Tekortkomingen in de schaling van de snelheid en amplitude van bewegingen: dysmetrie, verminderde controle, en verleden-punting

De klassieke beschrijvingen van cerebellaire ataxie omvatten verschillende klinische verschijnselen zoals dysmetrie, dyssynergie (asynergie, afbraak van beweging), dysdiadochokinesie, dysritmie, en kinetische (intentie) en posturale tremoren (Holmes, 1939; Gilman et al., 1981). Kenmerkend is dat ataxische personen vooral moeite hebben met het op de juiste manier genereren, begeleiden en beëindigen van snelle bewegingen. Bewegingen versnellen enigszins traag en komen relatief laat op gang als ze worden uitgevoerd als reactie op een cue. De bewegingen kunnen dan gedeeltelijk stoppen voordat ze hun doel bereiken of geleidelijk versnellen tot een te hoge snelheid en hun doel in een abnormale mate voorbijschieten. Deze twee soorten fouten zijn voorbeelden van respectievelijk dysmetrie, hypometrie en hypermetrie. Twee verschillende afwijkingen in de motorische controle lijken ten grondslag te liggen aan dysmetrie: onvoldoende krachtsnelheid en een verkeerde schaalverdeling van de stapamplitude. De eerste veroorzaken korte, meer consistente snelheid-gevoelige onnauwkeurigheden en de laatste, meer variabele langdurige fouten.

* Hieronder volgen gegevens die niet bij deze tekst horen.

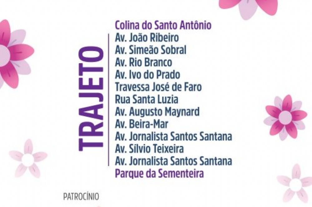 Às 8h, os ciclistas seguirão pelas avenidas João Ribeiro, Simeão Sobral, Rio Branco, Ivo do Prado, Travessa José de Faro, rua Santa Luzia, av. Augusto Maynard, Beira-Mar, Jornalista Santos Santana, Sílvio Teixeira, Jornalista Santos Santana, até o Parque da Sementeira.

Op een fundamenteel niveau heeft de patiënt met cerebellaire ataxie moeite met het abrupt veranderen van vrijwillige krachtniveaus (Mai et al., 1988). Zowel acceleratie als remmen zijn gestoord. In punt-tot-punt bewegingen, bijvoorbeeld, wordt dit vrijwillige kracht-tekort over het algemeen bevestigd door een trage opbouw van agonist EMG en een langdurige agonist actie met een vertraagd begin van antagonist EMG (Hallett et al., 1991; Hallett and Massaquoi, 1993). Bij patiënten die een snelle, enkelgewrichtsbeweging proberen uit te voeren, is de eerste agonistische uitbarsting vaak verlengd, ongeacht de afstand en snelheid van de beweging, en de meest opvallende kinematische afwijking is een verlengde acceleratietijd. Het patroon waarbij de acceleratietijd langer is dan de deceleratietijd komt vaak voor bij patiënten, maar zelden bij normale proefpersonen. De duur van de eerste agonistische uitbarsting correleert met, en is grotendeels verantwoordelijk voor, de versnellingstijd. Veranderde productie van de juiste versnelling voor snelle vrijwillige bewegingen kan daarom de primaire afwijking zijn in cerebellaire disfunctie voor pogingen tot snelle vrijwillige bewegingen. Hypermetrie zou de verwachte resulterende bewegingsfout zijn, tenzij er compensatie is. Hypometrie is toegeschreven aan over-compensatie, aan asthenie in de acute setting, aan tremor, of aan het niet tijdig ontspannen van de antagonist tijdens bewegingsinitiatie (Manto et al., 1998). Elk van deze mechanismen kan een rol spelen bij een bepaalde beweging, en de topografie van de laesie kan correleren met het type tekort (Manto et al., 1998).

Voor punt-tot-punt bewegingen van een gegeven duur, vertonen ataxische bewegingen een grotere overshoot dan normaal. In hun studie van snelle punt-tot-punt buigingen van de elleboog, stelden Hore et al. (1991) bij normale personen een voorbijgaande overschrijding vast van ongeveer 5-10% van de bewegingsafstand. Ataxische patiënten overschreden het doel met meer dan 20% en zelfs tot 35% van de bewegingsafstand. Anderzijds, wanneer er geen waarneembare overschrijding is, zijn de bewegingen van ataxische personen gewoonlijk abnormaal traag of zijn ze hypometrisch. Vanuit het oogpunt van Fitts’ snelheid-nauwkeurigheid tradeoff, vertonen ataxische patiënten een verminderde motorische controle bandbreedte. In het algemeen is het daarom bij de beoordeling van ataxie van belang om zowel de mate van overshoot als de bewegingstijd in de gaten te houden. Een afwijking van een van beide kan consistent zijn met ataxie. Omdat er echter alternatieve verklaringen voor een langere bewegingstijd kunnen zijn, is traagheid een veel minder specifieke bevinding dan overshoot. Vanwege de inherente afweging tussen snelheid en nauwkeurigheid, vertragen patiënten vaak opzettelijk om een voor hen acceptabel foutenniveau te handhaven. Daarom, als het belangrijk is om maximale snelheid in een motorische taak te observeren, moet de examinator uitleggen dat grote fouten aanvaardbaar zijn en in feite onvermijdelijk kunnen zijn. Zelfs met deze aanmoediging is de examinator er soms niet zeker van dat de maximaal haalbare snelheid is uitgelokt.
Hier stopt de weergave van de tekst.